The last picture of Reagan is a HuffPost Lefty News fake, it was taken in the president's private office in the residence, not in the Oval Office. It was taken when he was recuperating after the assassination attempt. Reagan always wore a suit in the Oval Office.

https://www.vanityfair.com/politics/features/2007/06/reagan200706

Caption to original photo:

U2036972B| Standard RM| © Bettmann/CORBIS 
President Reagan Working at a Desk

Original caption: Washington, D.C.: President Ronald Reagan works at a desk in the study of his second floor residence as he gradually resumes the duties of his office. The Democratic controlled House Budget Committee has rewritten Reagan's original budget proposal with less military spending and more money allocated for social programs. It has also refused to allow Reagan's original package to the House floor. Republicans and conservative Democrats are now trying to line up support for a bill (Gramm-Latta) which is close to the original Reagan proposal so they can bring it to the House floor for debate.


----------



## David V (Sep 19, 2005)

Beresford said:


> The last picture of Reagan is a HuffPost Lefty News fake, it was taken in the president's private office in the residence, not in the Oval Office. It was taken when he was recuperating after the assassination attempt. Reagan always wore a suit in the Oval Office.
> 
> https://www.vanityfair.com/politics/features/2007/06/reagan200706
> 
> ...


So what your really saying is the old actor stayed in costume when "on set".


----------



## Relayer (Nov 9, 2005)

Beresford said:


> The last picture of Reagan is a HuffPost Lefty News fake, it was taken in the president's private office in the residence, not in the Oval Office.

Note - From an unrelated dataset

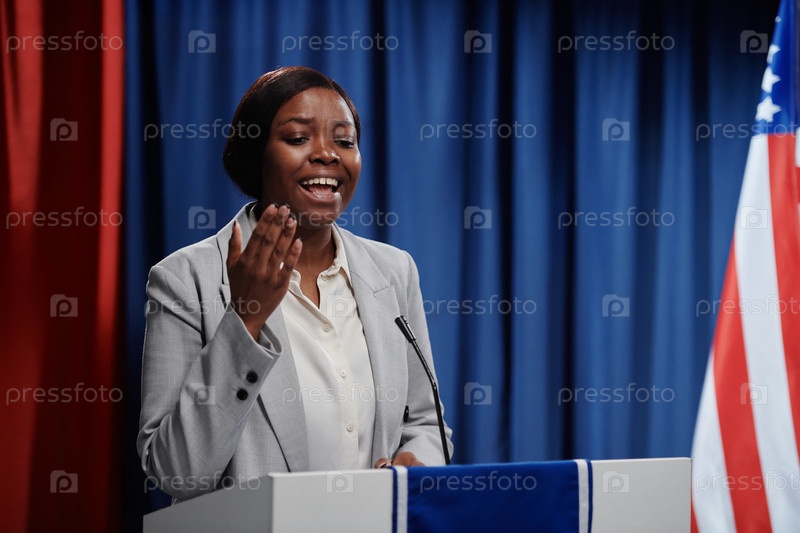 Женщина-министр, говорящая в микрофоне

It was taken when he was recuperating after the assassination attempt. Reagan always wore a suit in the Oval Office.


Fake?! Well, certainly no surprise there.

Proper image is an important part of being a great communicator.


----------



## Bob Loblaw (Mar 9, 2006)

Beresford said:


> The last picture of Reagan is a HuffPost Lefty News fake, it was taken in the president's private office in the residence, not in the Oval Office. It was taken when he was recuperating after the assassination attempt. Reagan always wore a suit in the Oval Office.
> 
> https://www.vanityfair.com/politics/features/2007/06/reagan200706
> 
> ...


I don't understand. Are you saying a photo of Reagan at home was altered to make it appear he is in the Oval Office? The picture to which you linked Reagan is wearing different clothing and in a different pose.

I am confused.


----------



## Bog (May 13, 2007)

That's right. The Oval Office should be wearing morning coats. Wait, those are informal riding clothes. Court dress is in order.


----------



## Miket61 (Mar 1, 2008)

Bob Loblaw said:


> I don't understand. Are you saying a photo of Reagan at home was altered to make it appear he is in the Oval Office? The picture to which you linked Reagan is wearing different clothing and in a different pose.
> 
> I am confused.


It's quite clear that the Huffington picture shows the Resolute Desk and the Oval Office; both the Oval Office and the study in the Residence (the upper floor of the White House) have the same chair.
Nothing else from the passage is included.